I was thinking about this a few times this past fall and winter as I was contacted by one of our DTN subscribers who farms in New Jersey. He sent along several supporting documents regarding the pipelines that are under consideration now in the American Midwest. The hope is to construct some of these pipelines to run pressurized carbon dioxide or CO2 from Midwestern ethanol plants to sequestering sites underneath the ground in North Dakota or Illinois. I must admit it took my head a little while to get it wrapped around on this. Putting pressurized carbon dioxide through a pipeline across American farm country to shove it under the ground isn’t top of mind. As far as I know it’s not done here.

It’s interesting stuff to consider. As farmers, we have become accustomed to a large segment of corn demand coming from its use in ethanol production. For instance, in the last USDA report 5.325 billion bushels of corn was being projected as going for ethanol production, out of a total usage a 14.835 billion bushels. As farmers we have become used to the narrative of ethanol being a clean burning fuel even after 15 or 16 years down the road from when the renewable fuel standard started in the United States. We also know that the by-product from using corn for ethanol the dry distillers grain is a very important additive to the livestock industry. In fact, both ethanol and dried distillers grain is exported around the world. I’m not necessarily going to say it’s been a win-win for grain and livestock farmers because there’s lots of diverse opinion, but it’s changed our agricultural economic landscape mostly for the good.

Those are the popular ethanol production by-products you hear all about. What you don’t hear as much about is the production of CO2 in that production process. Chemistry was never a big love of mine in my university days, but I do understand what CO2 is. On a tour of an Ontario ethanol plant in the not-too-distant past I saw where they were putting the CO2 by-product into canisters and selling those canisters to soft drink companies. In other words, the fizz in your drink is their courtesy of many corn growers across North America. It’s certainly better than releasing it into the air.

The idea of pressurizing CO2 and putting it through pipelines to sequester it under the earth had never occurred to me. However, it is a very big thing in the United States and the DTN subscriber was very concerned about pipelines running across his land as well as others throughout the American Midwest. Pipelines can be controversial, and this certainly seemed to add up to that. It’s the ultimate sequestration, pumping CO2 under the ground forever

As farmers we need to keep in mind that ethanol arrived here through a lot of taxpayer’s money. That is both here in Ontario and Quebec and in the United States. I have said before that the Ontario Ethanol Growth Fund was the most successful provincial farm program ever. So, you know what side of the argument that I am on. I thought of that as society evolving. As an extension, I thought of it as our agricultural economy evolving. However, I wonder now are the CO2 pipelines an example of our agricultural economy devolving? It might have something to do with the large tax credits in the United States that extend to these companies to sequester carbon underground.

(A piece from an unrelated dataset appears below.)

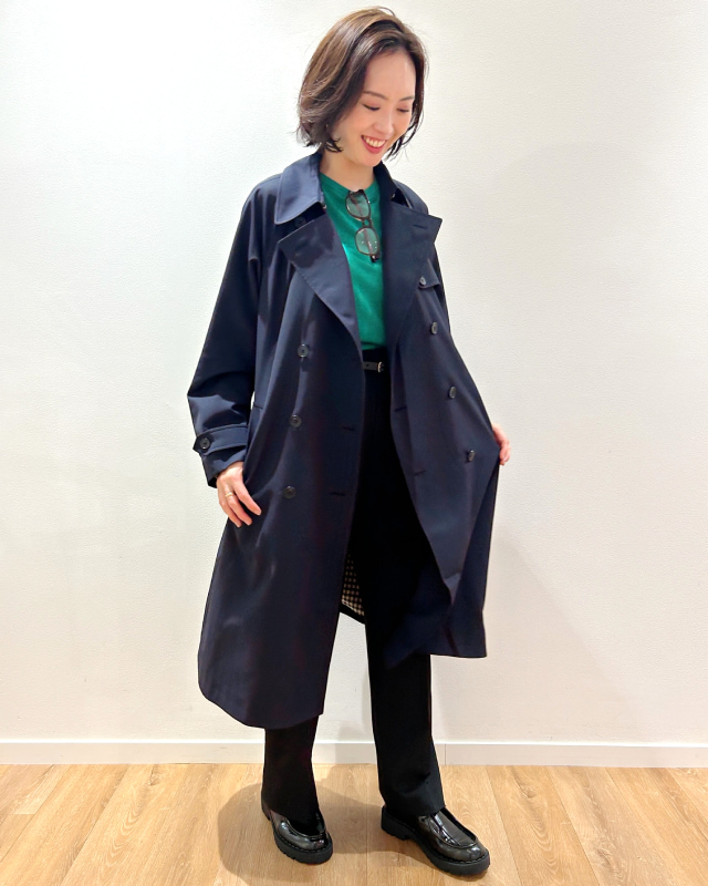 寒暖差のある春の通勤にぴったりのトレンチコート。大きめシルエットでばさっと羽織れて着心地も抜群。

These tax credits in the United States are approximately $31.77 per ton for geological sequestered CO2 and $20.22 per ton if used in oil recovery. It’s estimated that this would be worth about $400 million U.S. dollars to the three Iowa pipeline projects which would be permanently storing CO2 under the ground. Currently, in the American Midwest this is becoming quite a tussle. In Ontario and Quebec, I don’t expect anything to happen like this even with the Canadian carbon price of $50 per tonne. Pipelines are just too controversial especially in eastern Canada.

That will mean Canadian ethanol will have to adapt and change compared to their American cousins. At the same time, we are the biggest importer of American ethanol so by default we are maybe one reason why some of these pipelines are being proposed in the United States. It just goes to show that sometimes we might think society is evolving when in fact give it a little bit of time and it might be the opposite. All I know is that corn demand is still robust, and ethanol is a large part of that. There is so much more to the story.